Too much data transfer in a short time can cause Rancher networking (IPSec) to fail

Recently I observed that too much data transfer in short time through the load balancer can cause rancher network to fail. The detail is as below,

  1. Add 3 hosts (A,B,C) to rancher.
  2. Deploy a private docker registry on the host A, a load balancer on the host B. Add a selector rule to access the registry through the load balancer.
  3. Push a large image (~1GB).
  4. Pull the image from the host C. I observed that the downloading speed was very fast because of a very fast network connection between C and A that 300MB can be downloaded within 3-4s. The rancher network went down before finish downloading the image.

After I cancel downloading the docker image, the network restored after few minutes.
Downloading the docker image in a slower connection 3-4MB/s does not pose any problem.

Does any one have any idea about this issue?

Update: Rancher server version 1.5.1

@truongdo What do you mean by fail? Is this consistently reproducible? Where are your hosts running?

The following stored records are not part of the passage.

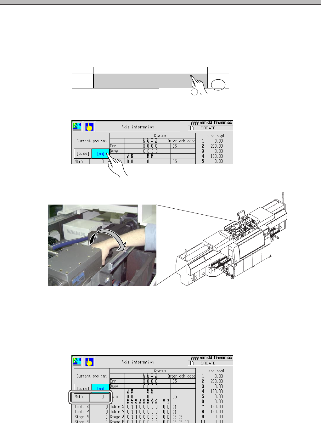 2.Display the “Axis information” screen after “Machine adjust,” and press the [mm] switch of the
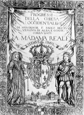 ANTIPORTA ILLUSTRATA DEL VOLUME DI PROGRESSI DELLA CHIESA OCCIDENTALE DI PAOLO BRIZIO (CARMAGNOLA, 1648).I DUE PERSONAGGI EFFIGIATI SONO LA MADAMA REALE E SUO FIGLIO CARLO EMANUELE II DI SAVOIA.
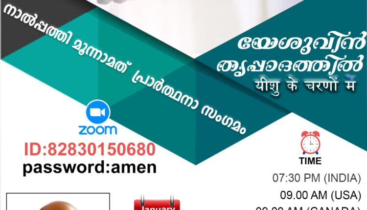 യേശുവിൻ തൃപ്പാദത്തിൽ: 43 മത് പ്രാർത്ഥനാ സംഗമം ജനുവരി 18 ശനിയാഴ്ച
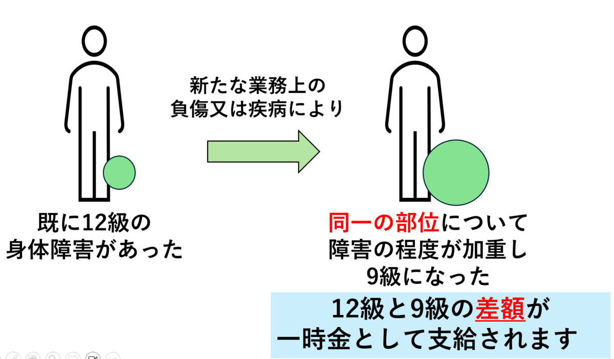 則第14条第5項 既に身体障害のあった者が、負傷又は疾病により同一の部位について障害の程度を加重した場合における当該事由に係る障害補償給付は、現在の身体障害の該当する障害等級に応ずる障害補償給付とし、その額は、現在の身体障害の該当する障害等級に応ずる障害補償給付の額から、既にあつた身体障害の該当する障害等級に応ずる障害補償給付の額を差し引いた額による。
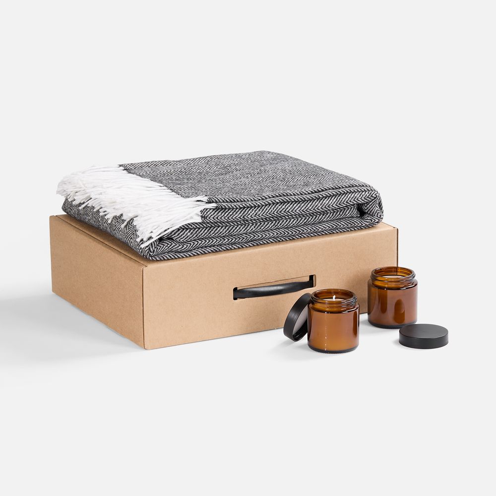 Мягкий плед с нежной бахромой станет идеальным спутником для расслабляющих вечеров, создавая комфорт и стильный облик в любом интерьере. Две ароматические свечи в элегантных стеклянных баночках наполнят пространство расслабляющим мягким светом и тонким ароматом, добавляя нотки спокойствия и гармонии.
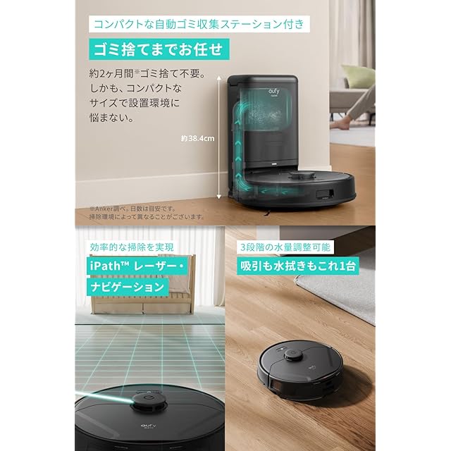 ゴミ捨てはおまかせ: 本体のゴミを自動でゴミ収集ステーションに集めるため、毎回のゴミ捨てストレスから解放されます。
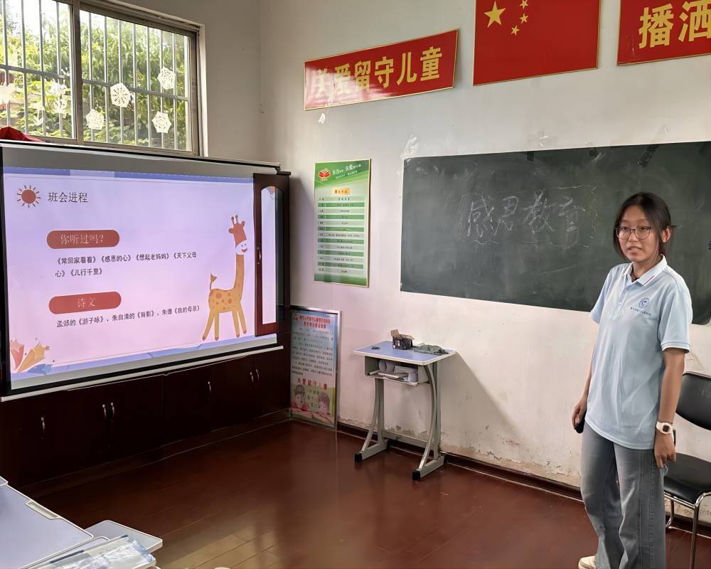 感恩是中華民族的傳統美德,是構建社會主義和諧社會的基礎。活動的開展讓學生們學會孝敬父母,懂得感恩,與他人和諧共處,用實際行動踐行中華民族的傳統美德。課程開始時,實踐團成員張靖涵向孩子們展示了一篇詩《游子吟》,由淺入深,用一首詩詞將孩子們帶入詩境,并由此引出此次授課的主題“感恩”。之后張靖涵通過生活中的小事來讓孩子們感受到“感恩”的力量:父母每日為他們做好的飯菜,同學之間的相互幫助,又或是身上整潔的衣物,這些小事都在提醒著孩子們美好生活的來之不易,孩子們也確切的感受到了感恩的重要性。
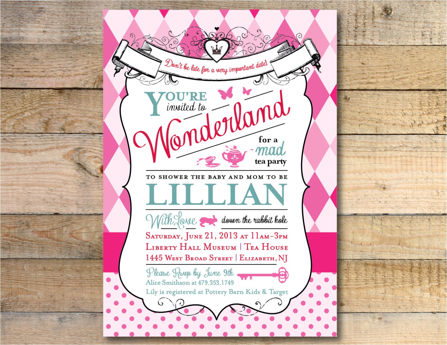 Alice in Wonderland Invitation Bridal Shower Baby Shower from alice and wonderland baby shower invitations
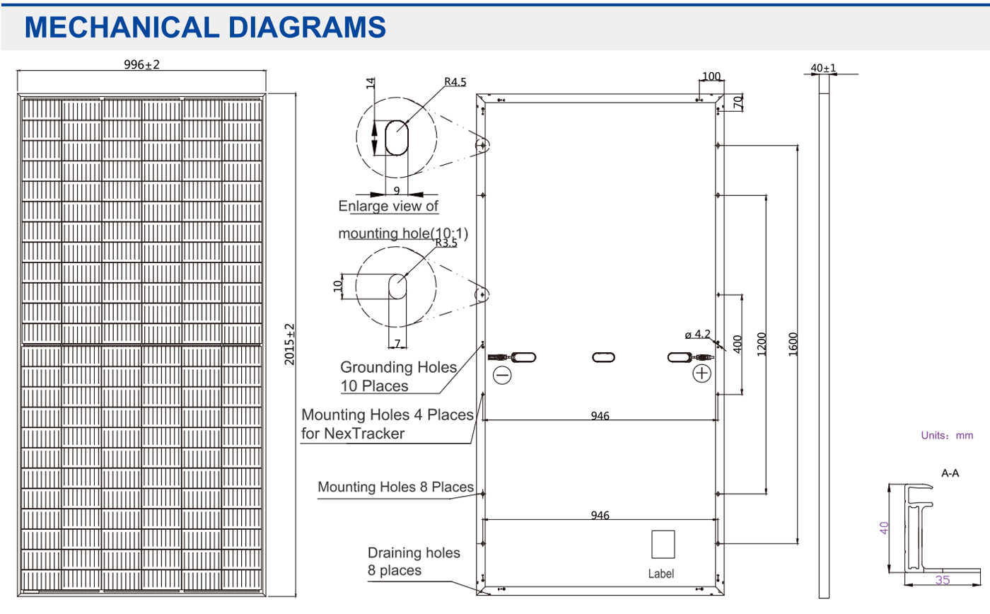 Remark: Electrical data in this catalog do not refer to a single module and they are not part of the offer.They only serve for comparison among different module types. *For NexTracker installations static loading performance: front load measures 2400Pa, while back load measures 2400Pa.
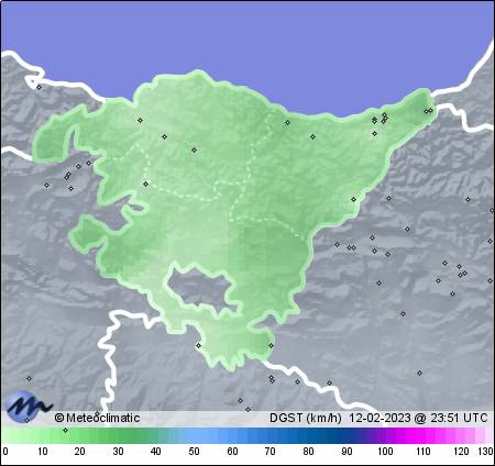 | 12-02-2023 | | | Máx. | Mín. | | | Temperatura | 18,5 | 8,6 | °C | | Humedad | 55 | 30 | % | | Viento | 35 | n/a | km/h | | Presión | 1.030 | 1.027 | hPa | | Precipitación | 0,0 | mm |

What kind of network connectivity do the hosts have?

I meant the health check containers are restarted and the network connection between other containers are also broken (cannot ping).

I couldn’t reproduce it right now, not sure if it is somehow fixed in rancher v1.5.3 (I’ve upgraded the rancher server).
The hosts are Vultr VPS and since they are deployed in the same region (Japan), they have a quite fast network connection (10 gigabit redundant network according to Vultr website)